Hay una frase muy famosa de Liz Feldman que dice “It’s very dear to me, the issue of gay marriage. Or as I like to call it: marriage. You know, because I had lunch this afternoon, not “gay lunch”. I parked my car; I didn’t “gay park” it.“, o traducido de manera libre, “me es muy cercano el tema del matrimonio gay, o como me gusta llamarlo, matrimonio. Ya sabes, porque hoy comí, no hice una “comida gay”. Aparqué mi coche, no lo “aparqué de manera gay”. No podría haberlo expresado de manera más clara.

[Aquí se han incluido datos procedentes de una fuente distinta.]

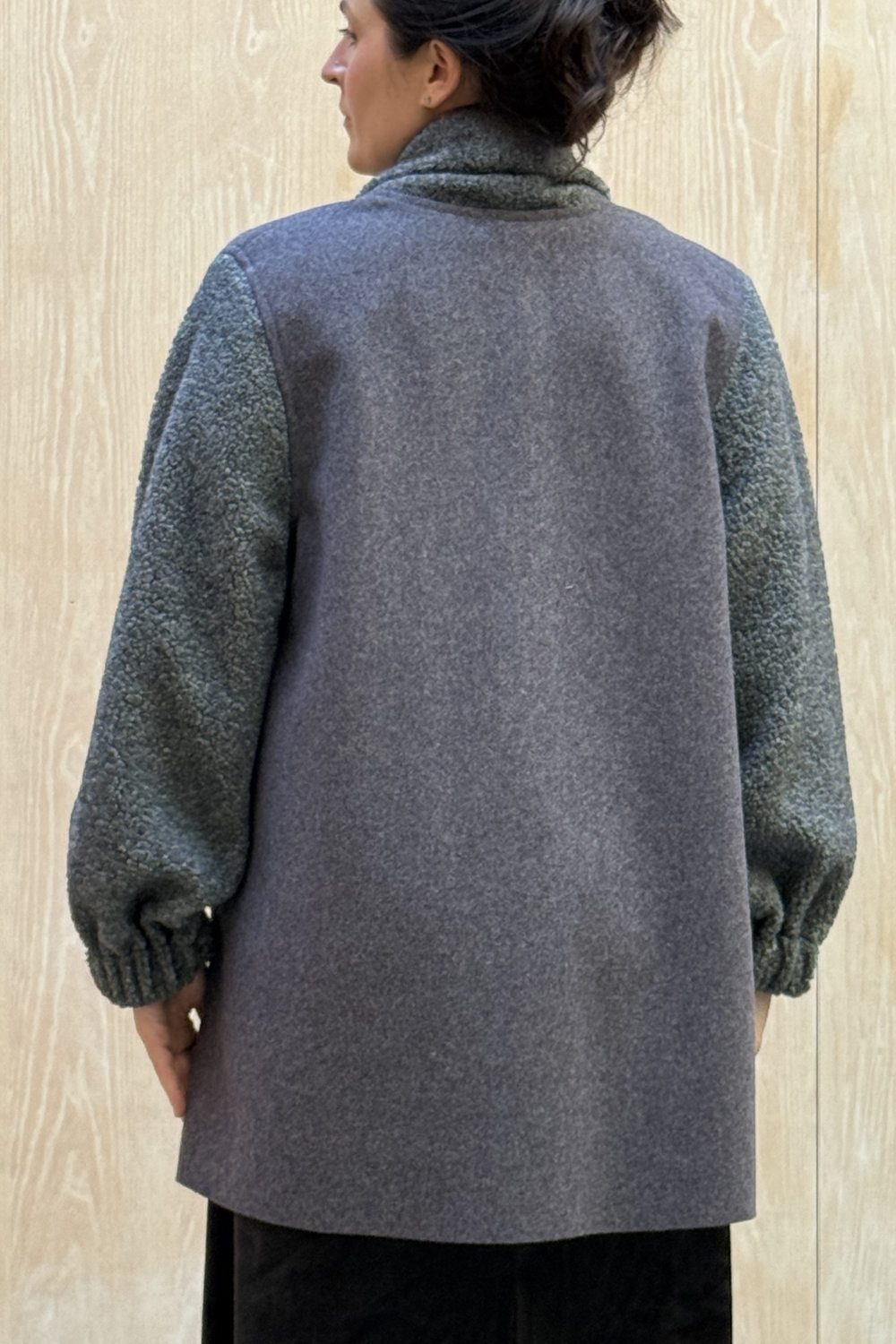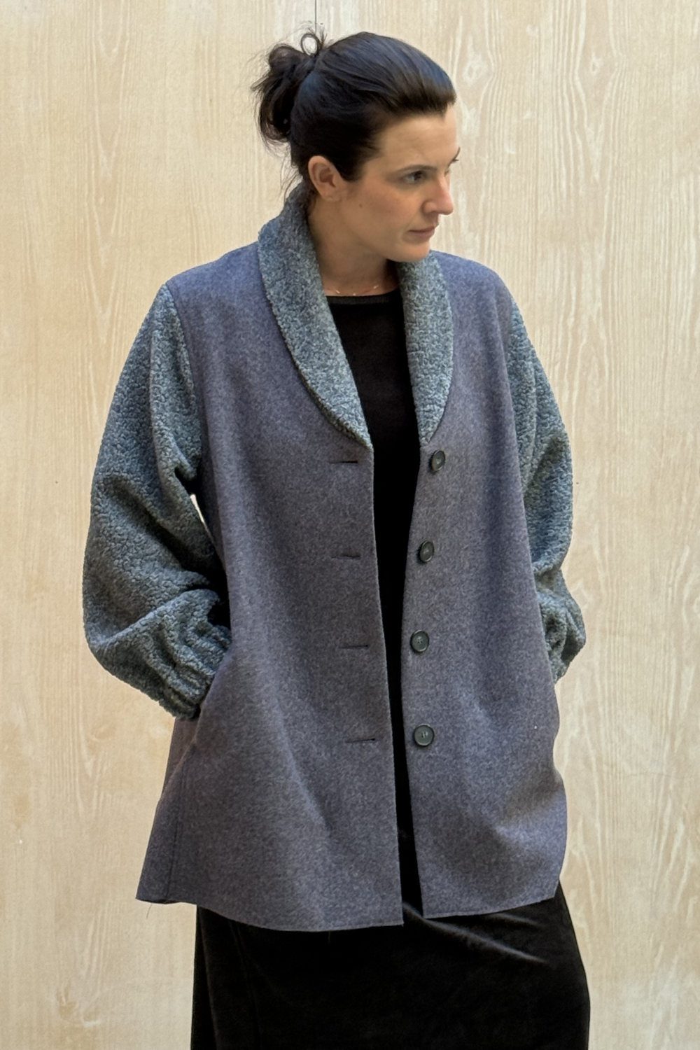 Wallace Rose Shirling 100% wool shawl collar coat with 50/50 wool nylon textured gathered sleeves and side pockets.

No creo que esto sea una cuestión de etiquetas, del eterno debate sobre si las etiquetas nos definen o nos constriñen, nos ayudan a empoderarnos o nos limitan en nuestra vida. Esto no es, creo, una manera de restarle importancia, del mismo modo que algunos piensan que ser LGBT o no serlo no tiene la más mínima relevancia (que sí que la tiene, todavía). Es, justamente, todo lo contrario: la diferenciación, en este caso, no viene por nuestra parte, sino por la otra, la que nos sigue viendo como algo ajeno, desigual, dispar, porque es algo inferior a lo habitual.